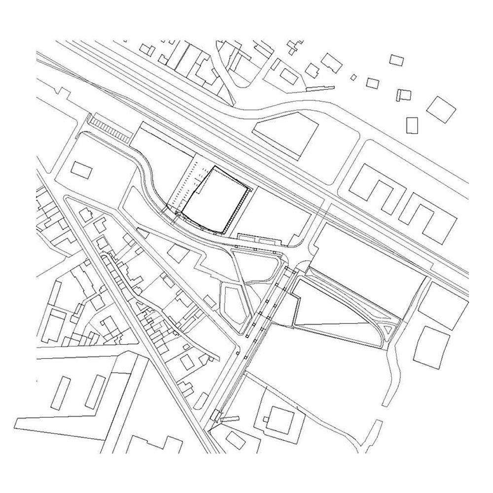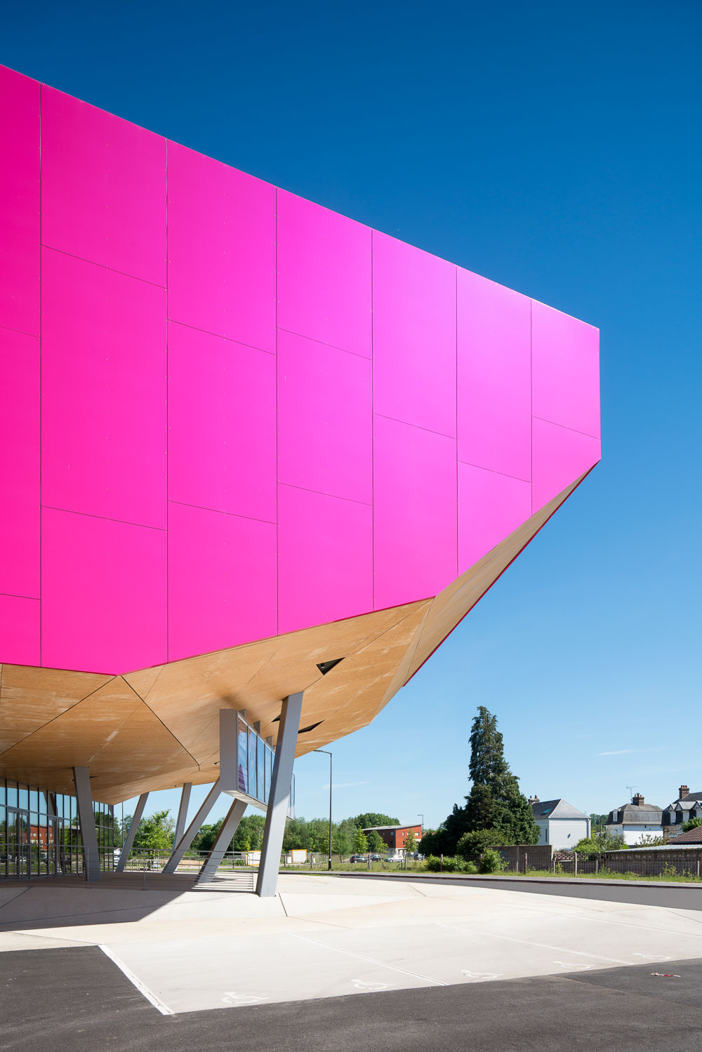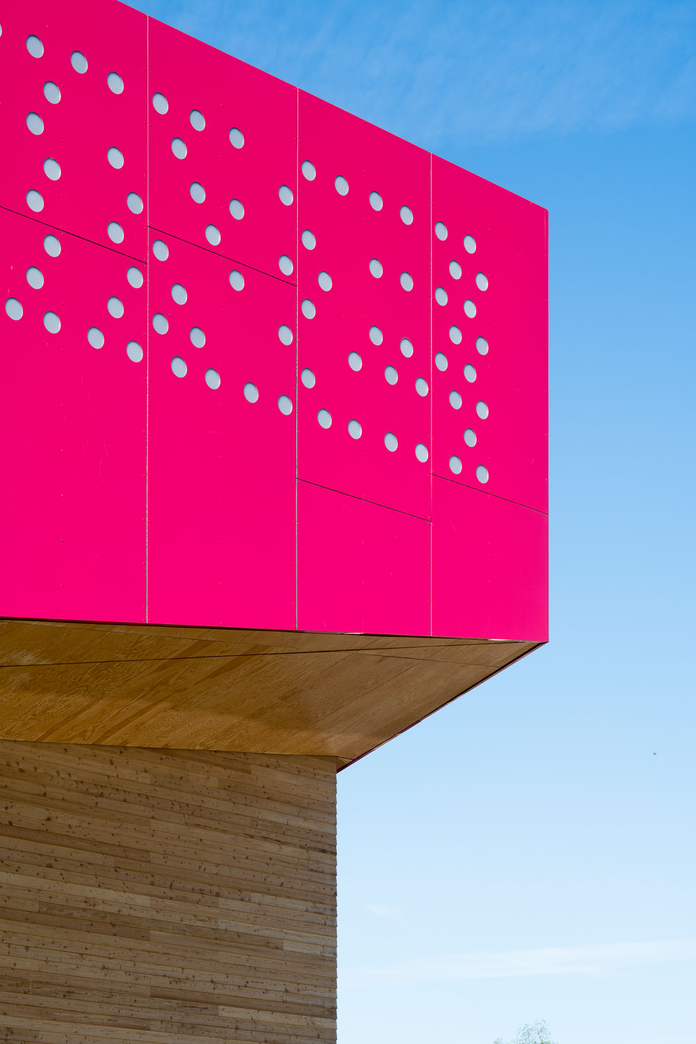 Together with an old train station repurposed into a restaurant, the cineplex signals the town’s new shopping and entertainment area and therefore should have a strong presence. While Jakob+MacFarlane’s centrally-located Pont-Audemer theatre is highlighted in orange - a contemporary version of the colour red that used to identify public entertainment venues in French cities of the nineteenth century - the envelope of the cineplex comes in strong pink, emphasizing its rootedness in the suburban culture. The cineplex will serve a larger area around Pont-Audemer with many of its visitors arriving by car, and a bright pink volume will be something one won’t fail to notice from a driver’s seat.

==================================================

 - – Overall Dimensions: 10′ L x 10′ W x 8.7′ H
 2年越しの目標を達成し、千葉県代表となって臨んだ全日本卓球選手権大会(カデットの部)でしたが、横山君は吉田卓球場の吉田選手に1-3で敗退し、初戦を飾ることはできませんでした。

==================================================

Could you transcribe the entries above word for word, from the line with "- – Overall" down to the line with "2年越しの目標を達成し、千葉", keeping both?

**Final answer**.
 - – Overall Dimensions: 10′ L x 10′ W x 8.7′ H
 2年越しの目標を達成し、千葉県代表となって臨んだ全日本卓球選手権大会(カデットの部)でしたが、横山君は吉田卓球場の吉田選手に1-3で敗退し、初戦を飾ることはできませんでした。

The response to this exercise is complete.